- _TASK DESCRIPTION_
Where an entry below contains an image, skip the image and reproduce the rest exactly.

- _DATASET EXCERPTS_
□ □ □ □ □ □ □

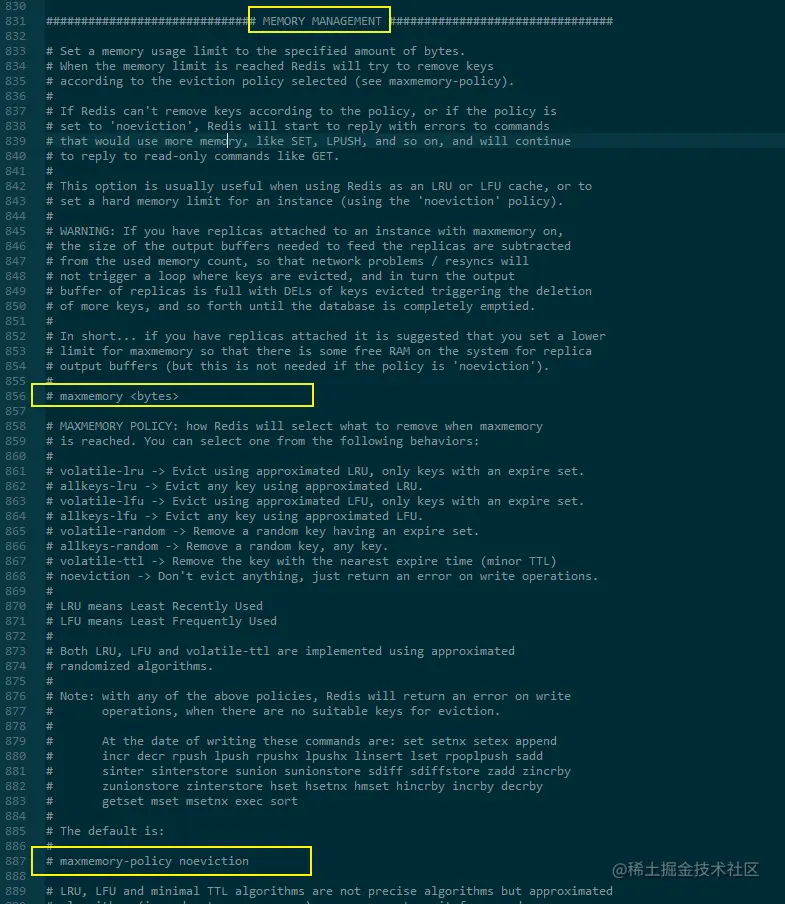 memory management 内存管理 maxmemory :redis配置的最大内存容量 maxmemory-policy noeviction:maxmemory-policy 内存达到上限的处理策略 volatile-lru:利用LRU算法移除设置过过期时间的key。 volatile-random:随机移除设置过过期时间的key。 volatile-ttl:移除即将过期的key,根据最近过期时间来删除(辅以TTL) allkeys-lru:利用LRU算法移除任何key。 allkeys-random:随机移除任何key。 noeviction:不移除任何key,只是返回一个写错误
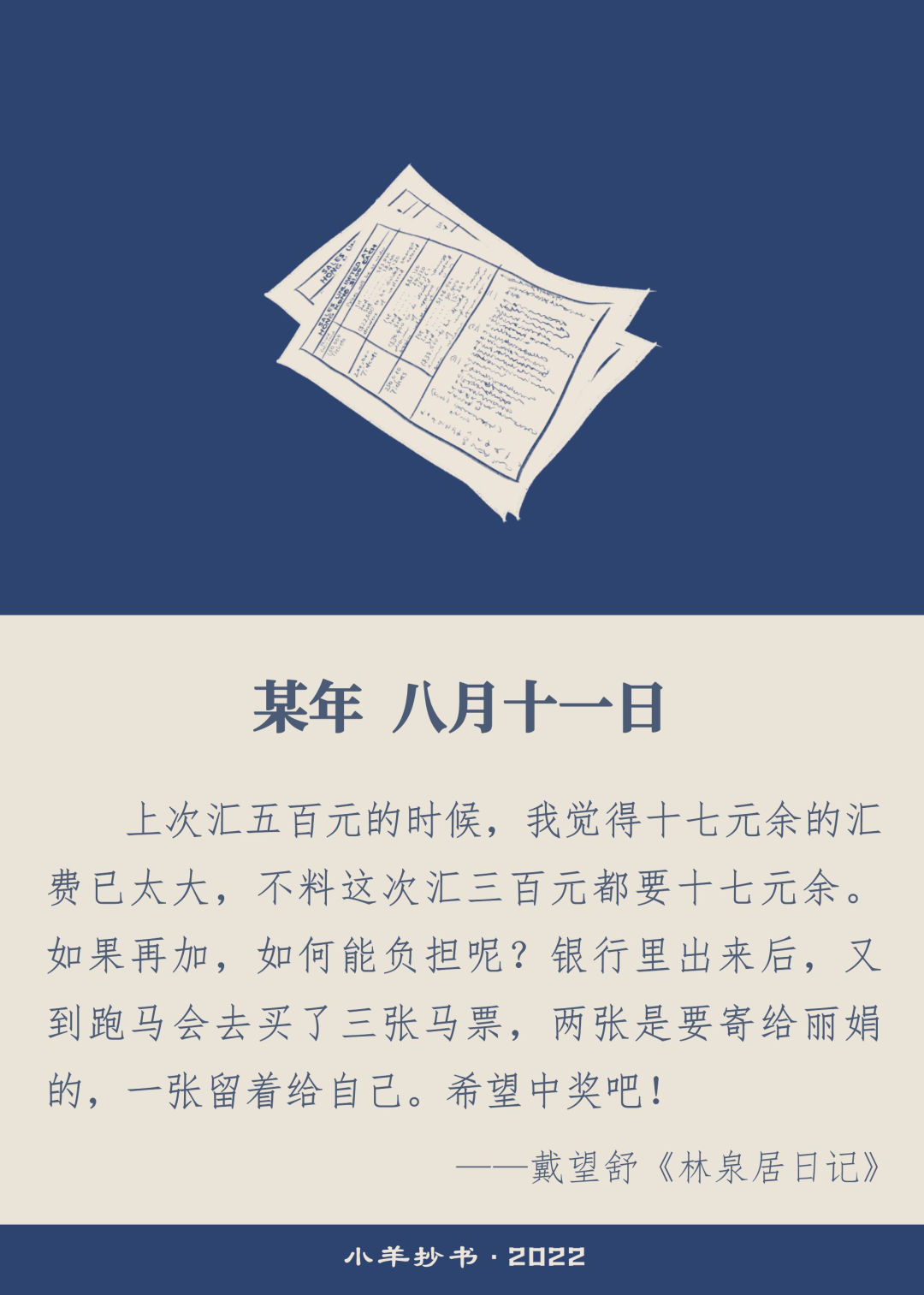 注:《林泉居日记》内封有“第三本”字样,无年份,记七、八、九三个月的事。从日记内容来看,可能是1941年。其时戴望舒在香港,担任《星岛日报》《星座》副刊编辑,家居薄扶林道的WOOD BROOK,一般人称“木屋”,戴望舒自译为“林泉居”。
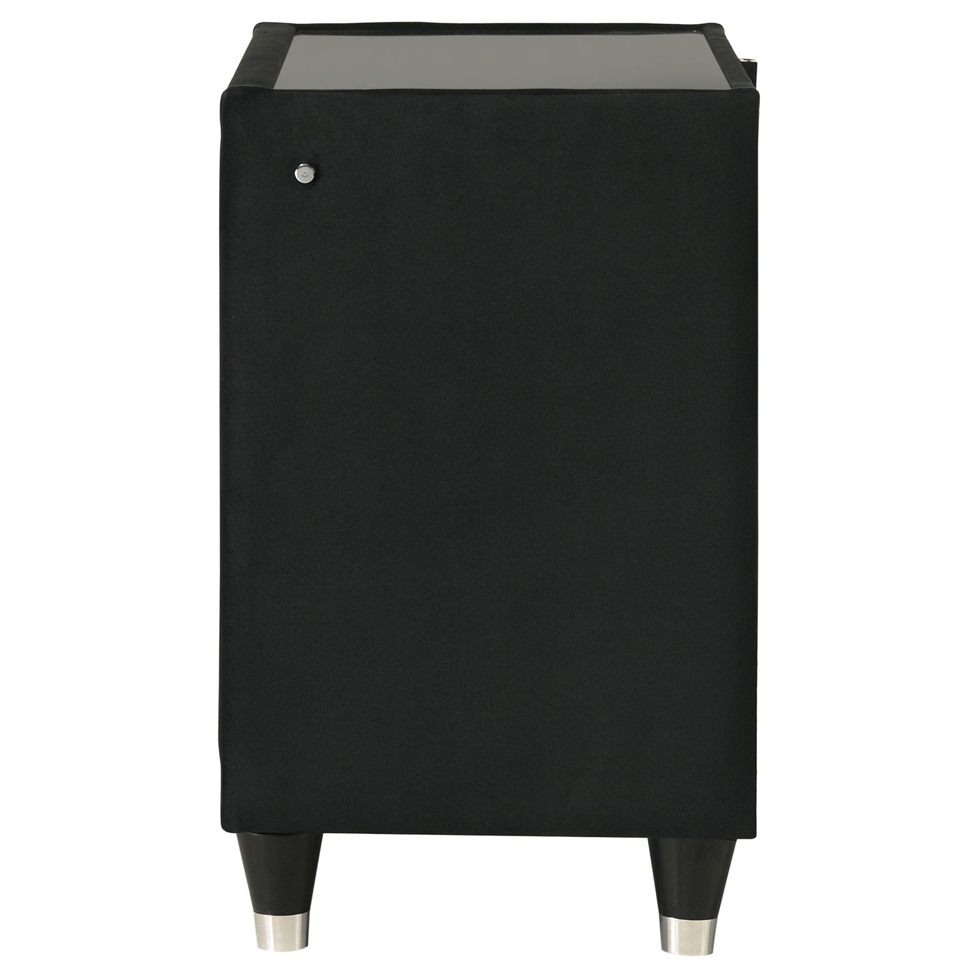 • Two-drawer nightstand fully upholstered in a black velvet for luxe layering
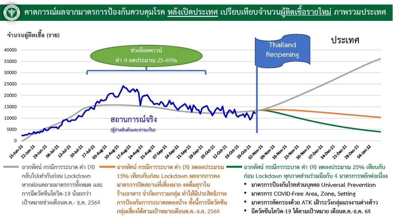 นอกจากนี้ นายแพทย์ทวีศิลป์ ยังขอความร่วมมือประชาชน หลังจากเปิดประเทศ ขอให้ปฏิบัติตามมาตรการของสาธารณสุขอย่างเคร่งครัด ทั้ง Universal Prevention และการตรวจคัดกรองด้วย ATK เนื่องจากมีการทำนายสถานการณ์โควิดออกเป็น 3 แนวทาง หลังเปิดประเทศ คือ เกิดการระบาดเท่าก่อนล็อกดาวน์ หรือ ติดเชื้อลดลง 15% เมื่อเทียบกับก่อนล็อกดาวน์ และติดเชื้อลดลง 25% เมื่อเทียบกับก่อนล็อกดาวน์.
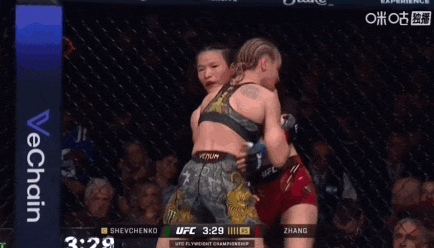 张伟丽面对六边形全能运动员舍甫琴科时,全程一直处于被动状态,多次被舍甫琴科抱摔压在身下,即使后续张伟丽加强了站立进攻,但还是不敌对手的反击。舍甫琴科的膝击、抱摔以及防守像一堵密不透风的墙。
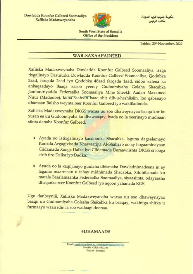newsinsideWar-saxaafadeed kasoo baxay madaxtooyada Koonfur Galbeed ayaa lagu sheegay, in madaxweynuhu isagoo tixgalinaya danaha Koonfur Galbeed uu aqbalay baaqa guddoomiyaha barlamaanka Soomaaliya.
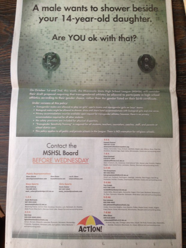 The Child Protection League, the group that fought anti-bullying measures and GLBT protections in schools, has taken out a full-page ad below in the Star Tribune. The MSHSL needs to hear from those of us who support this measure. If you are local, would you email the board to voice your support?
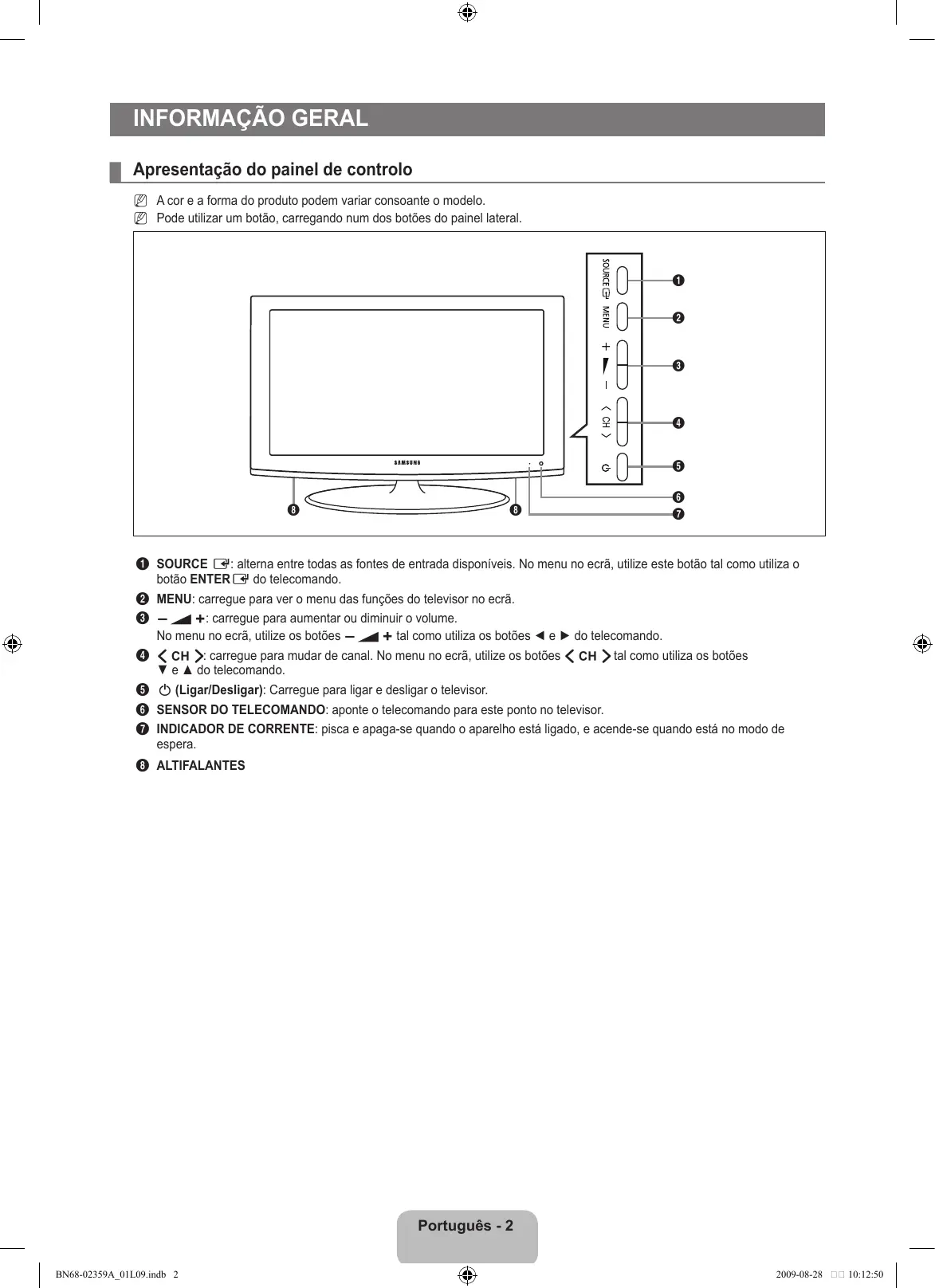 ¦ Apresentação do painel de controlo N A cor e a forma do produto podem variar consoante o modelo. N Pode utilizar um botão, carregando num dos botões do painel lateral.
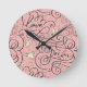 Romantic Pattern with Hearts and Birds Round Clock
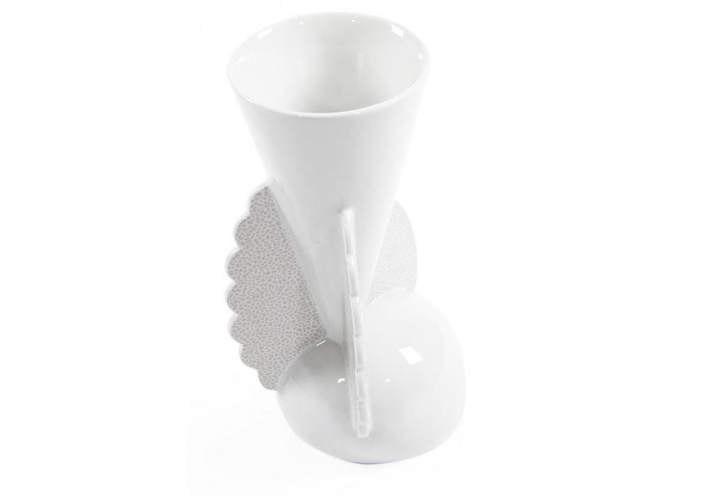 Ladoga diseñado por Matteo Thun para Memphis Milano es un vaso de cóctel de porcelana blanca con adornos.
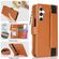 Για Samsung Galaxy S24 5G Wristband κάτοχος φερμουάρ πορτοφόλι RFID δερμάτινη θήκη τηλεφώνου (Καφέ)
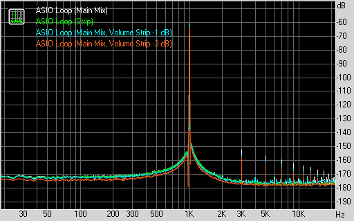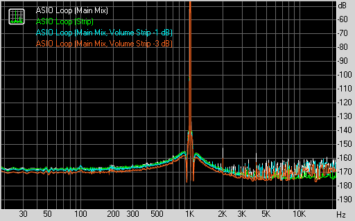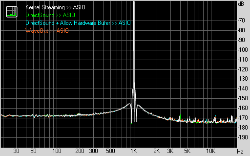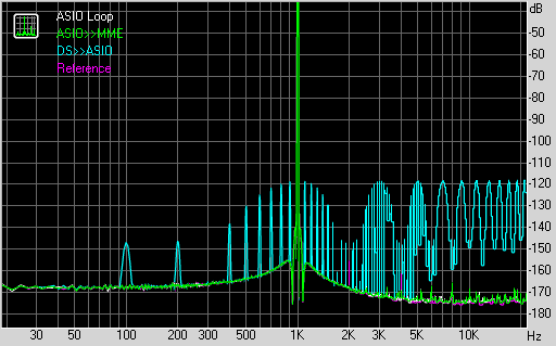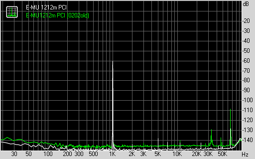 Более любопытно, что при подсоединении именно к старой E-MU1010 возрастают искажения в режиме 192 кГц. Справедливости ради, следует отметить, что искажения у старой версии наблюдаются лишь в режимах 96 и 192 кГц. Учитывая низкий уровень тестового сигнала, искажения не являются результатом перегрузки, а именно различиями в платах E-MU1010.
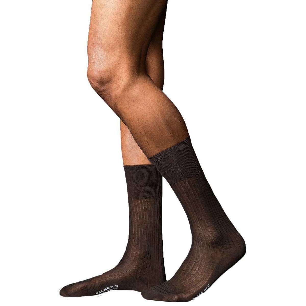 Falke No10 Pure Fil d'Ecosse Chaussettes en tricot côtelé lisses - marron
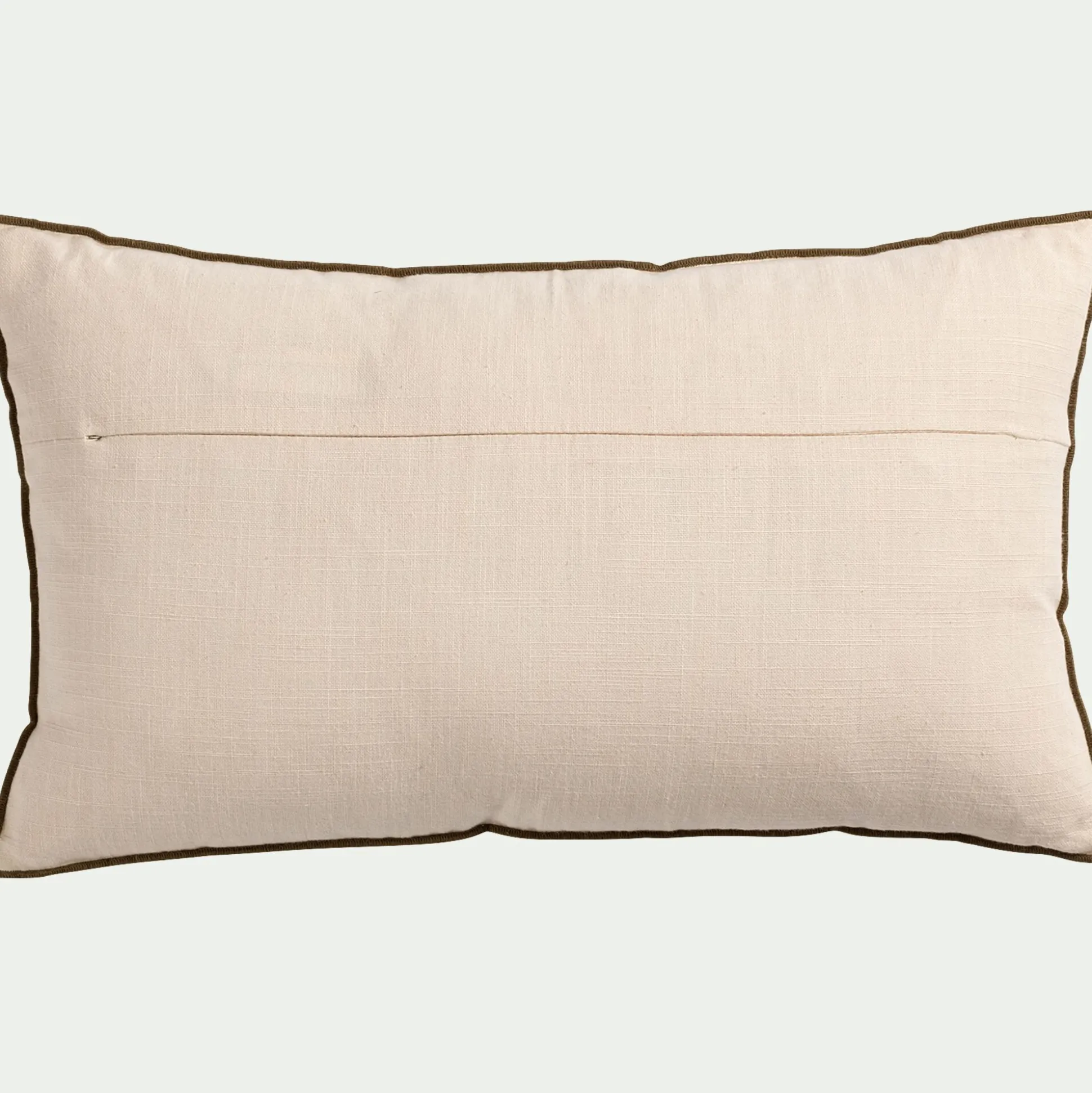 Ce coussin rectangulaire (30×50 cm) apporte une touche fraîche et joyeuse à la déco du canapé. Confectionné en coton naturel, il est orné de petites fleurs jaunes brodées qui évoquent les champs ensoleillés. Un passepoil vert souligne ses contours et ajoute un joli liseré, à la fois discret et plein de caractère. Une alliance de douceur et de nature pour une atmosphère lumineuse et apaisante dans le salon.

□ □ □ □ □ □ □

- _THE ANSWER_
 memory management 内存管理 maxmemory :redis配置的最大内存容量 maxmemory-policy noeviction:maxmemory-policy 内存达到上限的处理策略 volatile-lru:利用LRU算法移除设置过过期时间的key。 volatile-random:随机移除设置过过期时间的key。 volatile-ttl:移除即将过期的key,根据最近过期时间来删除(辅以TTL) allkeys-lru:利用LRU算法移除任何key。 allkeys-random:随机移除任何key。 noeviction:不移除任何key,只是返回一个写错误
 注:《林泉居日记》内封有“第三本”字样,无年份,记七、八、九三个月的事。从日记内容来看,可能是1941年。其时戴望舒在香港,担任《星岛日报》《星座》副刊编辑,家居薄扶林道的WOOD BROOK,一般人称“木屋”,戴望舒自译为“林泉居”。
 • Two-drawer nightstand fully upholstered in a black velvet for luxe layering
 นอกจากนี้ นายแพทย์ทวีศิลป์ ยังขอความร่วมมือประชาชน หลังจากเปิดประเทศ ขอให้ปฏิบัติตามมาตรการของสาธารณสุขอย่างเคร่งครัด ทั้ง Universal Prevention และการตรวจคัดกรองด้วย ATK เนื่องจากมีการทำนายสถานการณ์โควิดออกเป็น 3 แนวทาง หลังเปิดประเทศ คือ เกิดการระบาดเท่าก่อนล็อกดาวน์ หรือ ติดเชื้อลดลง 15% เมื่อเทียบกับก่อนล็อกดาวน์ และติดเชื้อลดลง 25% เมื่อเทียบกับก่อนล็อกดาวน์.
 张伟丽面对六边形全能运动员舍甫琴科时,全程一直处于被动状态,多次被舍甫琴科抱摔压在身下,即使后续张伟丽加强了站立进攻,但还是不敌对手的反击。舍甫琴科的膝击、抱摔以及防守像一堵密不透风的墙。
newsinsideWar-saxaafadeed kasoo baxay madaxtooyada Koonfur Galbeed ayaa lagu sheegay, in madaxweynuhu isagoo tixgalinaya danaha Koonfur Galbeed uu aqbalay baaqa guddoomiyaha barlamaanka Soomaaliya.
 The Child Protection League, the group that fought anti-bullying measures and GLBT protections in schools, has taken out a full-page ad below in the Star Tribune. The MSHSL needs to hear from those of us who support this measure. If you are local, would you email the board to voice your support?
 ¦ Apresentação do painel de controlo N A cor e a forma do produto podem variar consoante o modelo. N Pode utilizar um botão, carregando num dos botões do painel lateral.
 Romantic Pattern with Hearts and Birds Round Clock
 Ladoga diseñado por Matteo Thun para Memphis Milano es un vaso de cóctel de porcelana blanca con adornos.
 Για Samsung Galaxy S24 5G Wristband κάτοχος φερμουάρ πορτοφόλι RFID δερμάτινη θήκη τηλεφώνου (Καφέ)
 Более любопытно, что при подсоединении именно к старой E-MU1010 возрастают искажения в режиме 192 кГц. Справедливости ради, следует отметить, что искажения у старой версии наблюдаются лишь в режимах 96 и 192 кГц. Учитывая низкий уровень тестового сигнала, искажения не являются результатом перегрузки, а именно различиями в платах E-MU1010.
 Falke No10 Pure Fil d'Ecosse Chaussettes en tricot côtelé lisses - marron
 Ce coussin rectangulaire (30×50 cm) apporte une touche fraîche et joyeuse à la déco du canapé. Confectionné en coton naturel, il est orné de petites fleurs jaunes brodées qui évoquent les champs ensoleillés. Un passepoil vert souligne ses contours et ajoute un joli liseré, à la fois discret et plein de caractère. Une alliance de douceur et de nature pour une atmosphère lumineuse et apaisante dans le salon.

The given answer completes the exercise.